I loosen the strings enough to slide a small section of the B string onto the saddle, then tune the guitar up. With a digital tuner, I compare the open (unfretted) low E string with the same string fretted at the 12th fret, which is also an E one octave higher. If the fretted E matches the open E perfectly, I don't have to do anything. If it's sharp, then I move the piece of B string back, farther away from the fretboard. If it's flat, I move the wire towards the fretboard. I move the wire around until the open and fretted notes are the same, and mark this position on the saddle with a pencil.
After doing this with all six strings, this is what the saddle looks like:
As you can see, the 2nd string (counting from the left) needs a good bit of compensation. You can take that to the bank: the 2nd string will always need significant compensation. This is the hardest string to tune, and on a guitar with an uncompensated saddle you'll often see the player fiddling with the B string. You're just never satisfied. (I'm jumping ahead, but I can testify that on this guitar with the 2nd string properly compensated, the open B sings with all sorts of overtones. It's the best open B I've ever heard on any guitar.) The fifth and sixth strings need to be pushed back a bit too, while the 1st, 3rd and 4th strings are pretty much on pitch. This is also pretty typical.
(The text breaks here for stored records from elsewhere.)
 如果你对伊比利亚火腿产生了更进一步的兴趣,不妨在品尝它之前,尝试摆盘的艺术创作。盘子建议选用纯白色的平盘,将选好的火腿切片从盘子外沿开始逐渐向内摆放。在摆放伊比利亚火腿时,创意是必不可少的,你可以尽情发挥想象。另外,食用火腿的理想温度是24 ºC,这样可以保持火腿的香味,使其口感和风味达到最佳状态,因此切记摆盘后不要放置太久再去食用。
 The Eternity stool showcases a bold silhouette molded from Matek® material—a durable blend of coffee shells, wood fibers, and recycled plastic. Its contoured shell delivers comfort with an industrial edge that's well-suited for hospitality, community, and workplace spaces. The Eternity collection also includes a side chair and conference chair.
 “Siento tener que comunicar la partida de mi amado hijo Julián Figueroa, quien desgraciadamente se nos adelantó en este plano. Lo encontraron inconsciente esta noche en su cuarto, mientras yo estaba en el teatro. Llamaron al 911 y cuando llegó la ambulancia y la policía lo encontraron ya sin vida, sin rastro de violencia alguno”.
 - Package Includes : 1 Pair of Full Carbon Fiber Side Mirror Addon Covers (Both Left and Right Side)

With the saddle marked I loosen the strings and remove them from the bridge. I remove the saddle and file the front of the saddle so that the break point is at the place marked for each string. Then I file the back of the saddle so that it is rounded up to the break point. This will eliminate the possibility of the string buzzing on a flat section of the saddle--pretty rare but still a possibility. I don't want the break point to be a sharp, pointed edge because this will cause a lot of string breakage, especially on the wound strings where a sharp edge can force its way between the windings. So I round the break point so that each string sits nicely on a smooth edge.
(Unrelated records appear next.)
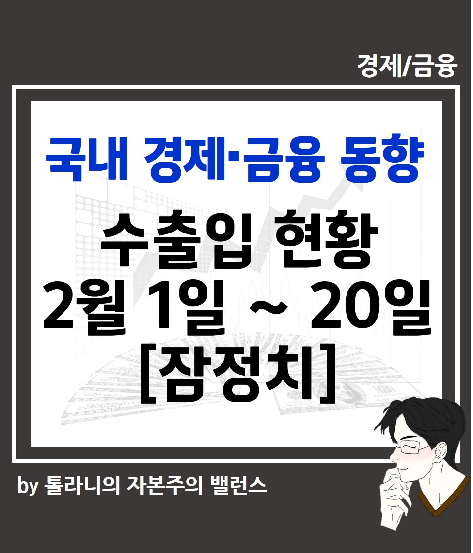 관세청은 2월 1일 ~ 20일 기간의 수출입 현황 잠정치를 발표하였습니다. 수출 및 수입 모두 전년동기대비 증가하였으며, 무역수지는 흑자를 기록했다고 밝혔는데요.
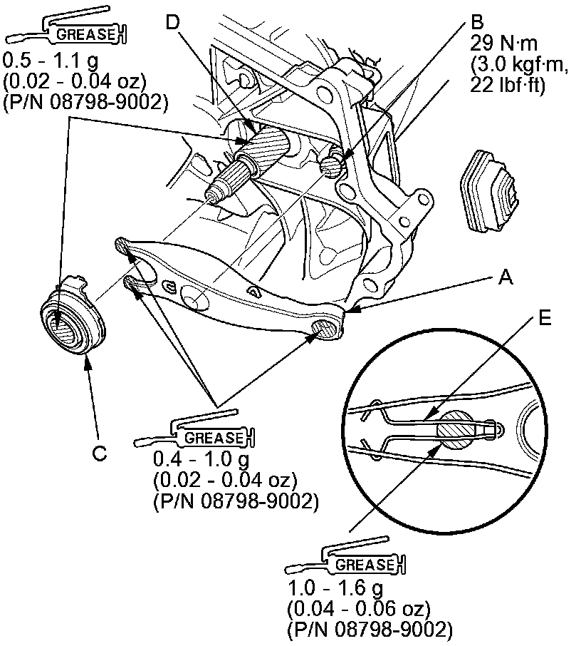 5. Apply high temp urea grease (P/N 08798-9002) to the release fork (A), the release fork bolt (B), the release bearing (C), and the release bearing guide (D) in the shaded areas, then set the release fork set spring (E).
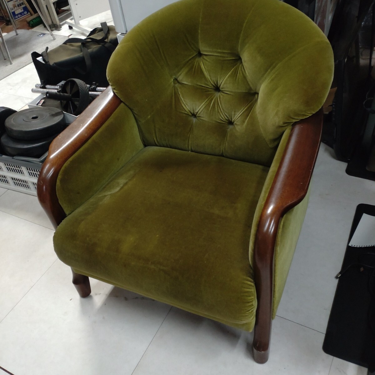 - 【店頭渡し推奨】シングルソファー グリーン 重厚 レトロ 中古 現状渡し 1シーター

All that's left for the saddle is to sand it up to 600 grit like the nut to achieve a polished but not plastic look.
Guess what? This guitar is almost done! All that's left to do is to make and install a truss rod cover, give the frets and the body a final polish so they really shine, and apply some lemon oil to the ebony bridge and fretboard to clean and polish them a bit. All this is much easier to do without the strings installed, so I have to wait to see how it really sounds with a finished saddle.